Unfortunately, as the number of iterated pre-images grows exponentially, this is not feasible computationally. However, we can adjust this method, in a similar way as the "random game" method for iterated function systems. That is, in each step, we choose at random one of the inverse images of f.

For example, for the quadratic polynomial fc, the backwards iteration is described by

${\displaystyle z_{n-1}={\sqrt {z_{n}-c}}.}$

At each step, one of the two square roots is selected at random.

Note that certain parts of the Julia set are quite difficult to access with the reverse Julia algorithm.

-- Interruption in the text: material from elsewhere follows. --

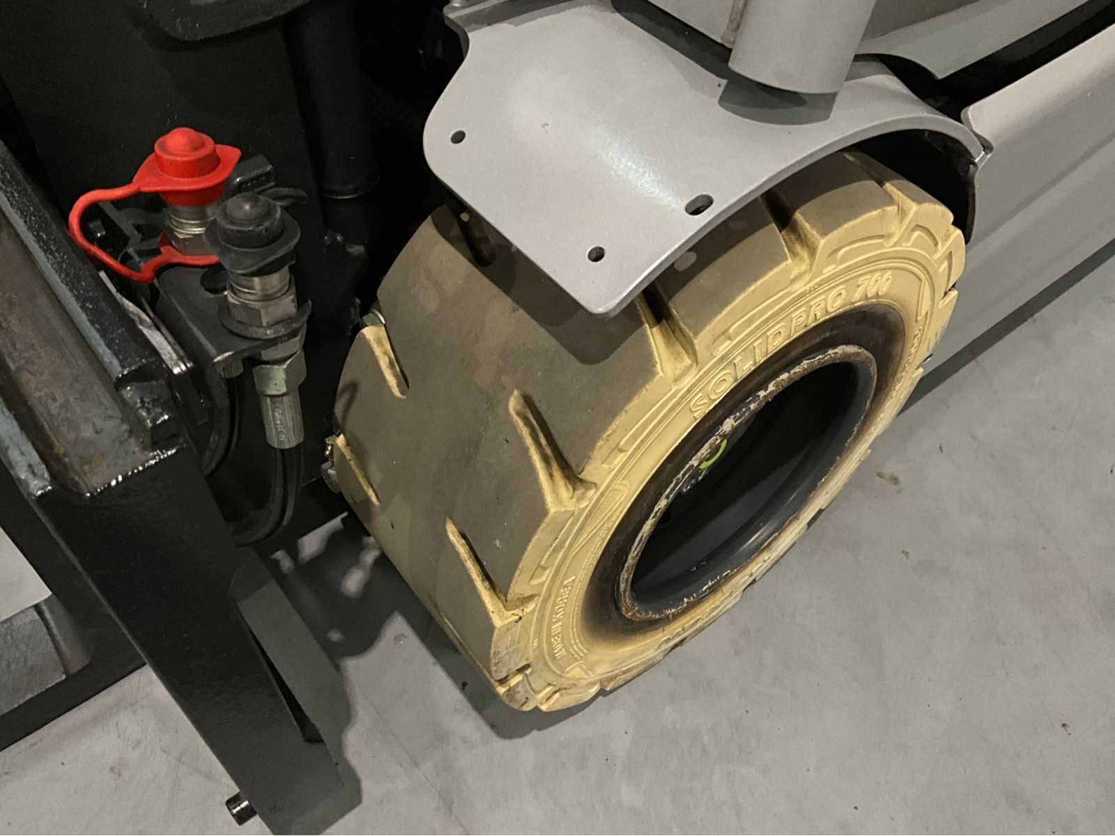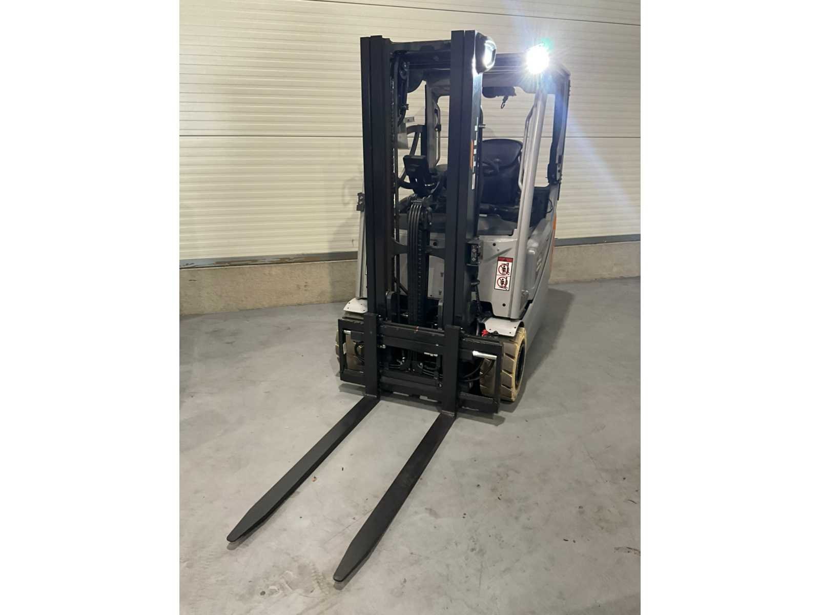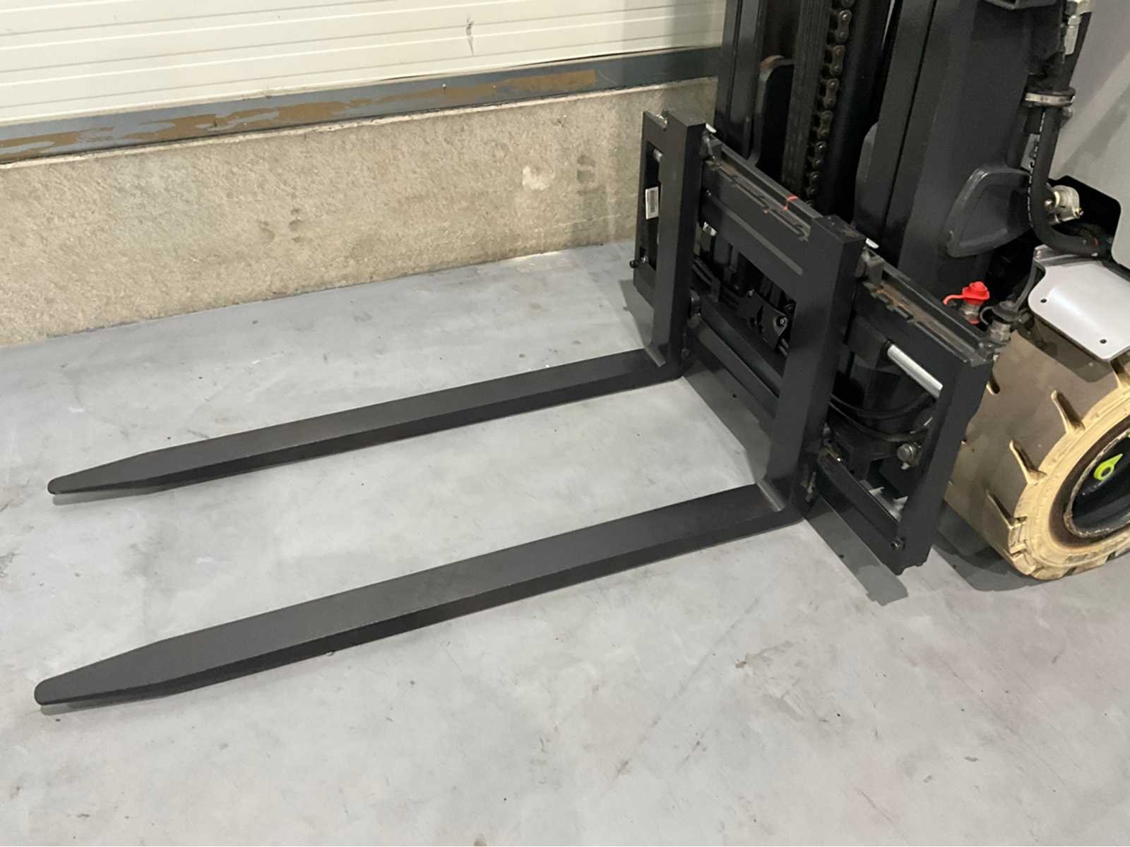 Extra opties : Led verlichting voor en achter , blue spot , Non-marking banden , zwaailamp , valbescherming Merk: Still Type: RX20-18P Bouwjaar: 2019 Serienummer: 516228V00214 Mast: Triple Soort band: Volrubber banden Aantal wielen: 4 Free-lift: true Side-shift: true Triple mast: true Eigen gewicht: 3475kg Hefvermogen: 1800kg Hefhoogte: 4220mm Vol rubber banden: true Totale afmeting L: 3170mm Totale afmeting Breedte: 1090mm Totale afmeting Hoogte: 1980mm

For this reason, one must modify IIM/J ( it is called MIIM/J) or use other methods to produce better images.

### Using DEM/J

As a Julia set is infinitely thin we cannot draw it effectively by backwards iteration from the pixels. It will appear fragmented because of the impracticality of examining infinitely many startpoints. Since the iteration count changes vigorously near the Julia set, a partial solution is to imply the outline of the set from the nearest color contours, but the set will tend to look muddy.

A better way to draw the Julia set in black and white is to estimate the distance of pixels (DEM) from the set and to color every pixel whose center is close to the set. The formula for the distance estimation is derived from the formula for the potential function φ(z). When the equipotential lines for φ(z) lie close, the number ${\displaystyle |\varphi '(z)|}$ is large, and conversely, therefore the equipotential lines for the function ${\displaystyle \delta (z)=\varphi (z)/|\varphi '(z)|}$ should lie approximately regularly. It has been proven that the value found by this formula (up to a constant factor) converges towards the true distance for z converging towards the Julia set.[9]

We assume that f(z) is rational, that is, ${\displaystyle f(z)=p(z)/q(z)}$ where p(z) and q(z) are complex polynomials of degrees m and n, respectively, and we have to find the derivative of the above expressions for φ(z). And as it is only ${\displaystyle z_{k}}$ that varies, we must calculate the derivative ${\displaystyle z'_{k}}$ of ${\displaystyle z_{k}}$ with respect to z. But as ${\displaystyle z_{k}=f(f(\cdots f(z)))}$ (the k-fold composition), ${\displaystyle z'_{k}}$ is the product of the numbers ${\displaystyle f'(z_{k})}$, and this sequence can be calculated recursively by ${\displaystyle z'_{k+1}=f'(z_{k})z'_{k}}$, starting with ${\displaystyle z'_{0}=1}$ (before the calculation of the next iteration ${\displaystyle z_{k+1}=f(z_{k})}$).

For iteration towards ∞ (more precisely when m ≥ n + 2, so that ∞ is a super-attracting fixed point), we have

${\displaystyle |\varphi '(z)|=\lim _{k\to \infty }{\frac {|z'_{k}|}{|z_{k}|d^{k}}},}$

(d = m − n) and consequently:

${\displaystyle \delta (z)=\varphi (z)/|\varphi '(z)|=\lim _{k\to \infty }\log |z_{k}||z_{k}|/|z'_{k}|.\,}$

For iteration towards a finite attracting cycle (that is not super-attracting) containing the point z* and having order r, we have

${\displaystyle |\varphi '(z)|=\lim _{k\to \infty }|z'_{kr}|/(|z_{kr}-z^{*}|^{2}\alpha ^{k}),\,}$

and consequently:

${\displaystyle \delta (z)=\varphi (z)/|\varphi '(z)|=\lim _{k\to \infty }|z_{kr}-z^{*}|/|z'_{kr}|.\,}$

For a super-attracting cycle, the formula is:

${\displaystyle \delta (z)=\lim _{k\to \infty }\log |z_{kr}-z^{*}|^{2}/|z'_{kr}|.\,}$

We calculate this number when the iteration stops. Note that the distance estimation is independent of the attraction of the cycle. This means that it has meaning for transcendental functions of "degree infinity" (e.g. sin(z) and tan(z)).

Besides drawing of the boundary, the distance function can be introduced as a 3rd dimension to create a solid fractal landscape.